> _TASK TO COMPLETE_:
When the line containing "牛乳 チリビーンズ オニオンドレッシングサラダ" is found in the data below, copy it and each line after it through the line containing "司南导航公司还向在项目中表现", exactly and with no others.

> _THE DATA_:
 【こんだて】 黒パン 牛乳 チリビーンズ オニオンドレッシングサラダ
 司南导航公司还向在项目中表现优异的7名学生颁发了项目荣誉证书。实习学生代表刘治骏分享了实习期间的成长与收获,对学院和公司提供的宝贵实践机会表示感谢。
* * *
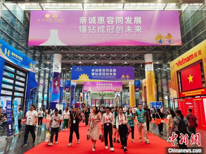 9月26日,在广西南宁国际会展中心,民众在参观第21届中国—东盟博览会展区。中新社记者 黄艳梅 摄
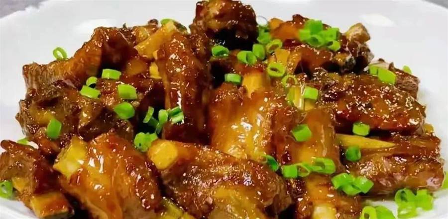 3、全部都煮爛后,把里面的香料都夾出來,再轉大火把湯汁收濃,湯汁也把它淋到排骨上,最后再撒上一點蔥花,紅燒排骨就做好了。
...
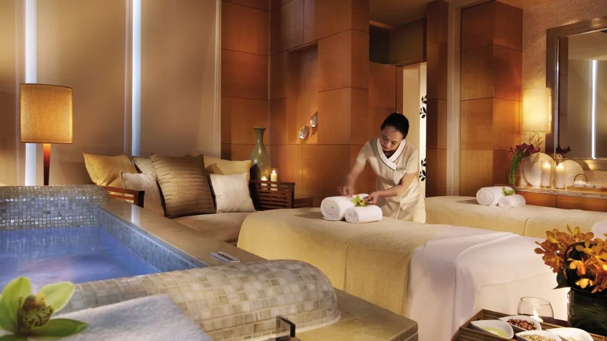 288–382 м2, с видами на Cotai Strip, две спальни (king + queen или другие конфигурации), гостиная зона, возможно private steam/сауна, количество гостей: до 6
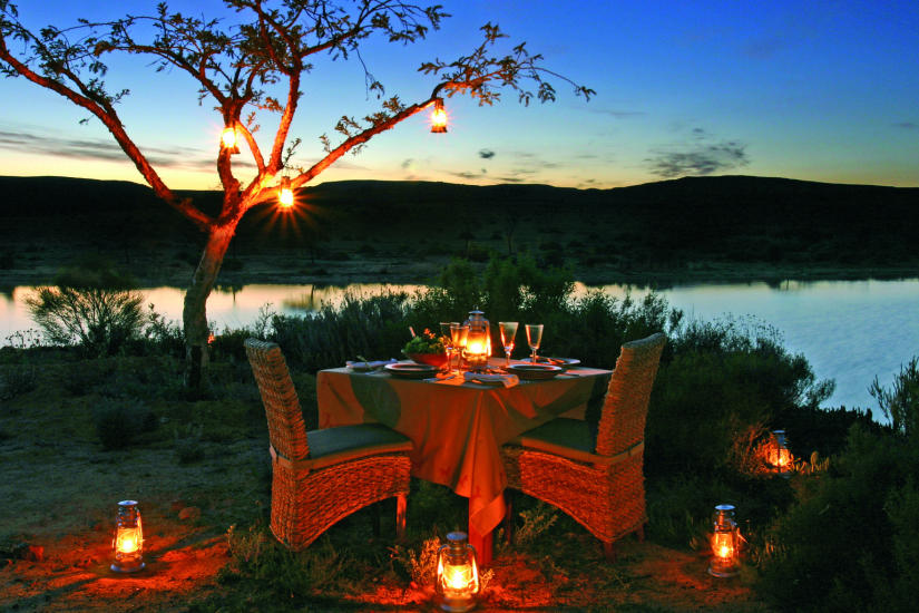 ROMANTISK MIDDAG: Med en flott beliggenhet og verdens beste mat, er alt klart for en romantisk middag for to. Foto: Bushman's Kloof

> _ANSWER BELOW_:
 【こんだて】 黒パン 牛乳 チリビーンズ オニオンドレッシングサラダ
 司南导航公司还向在项目中表现优异的7名学生颁发了项目荣誉证书。实习学生代表刘治骏分享了实习期间的成长与收获,对学院和公司提供的宝贵实践机会表示感谢。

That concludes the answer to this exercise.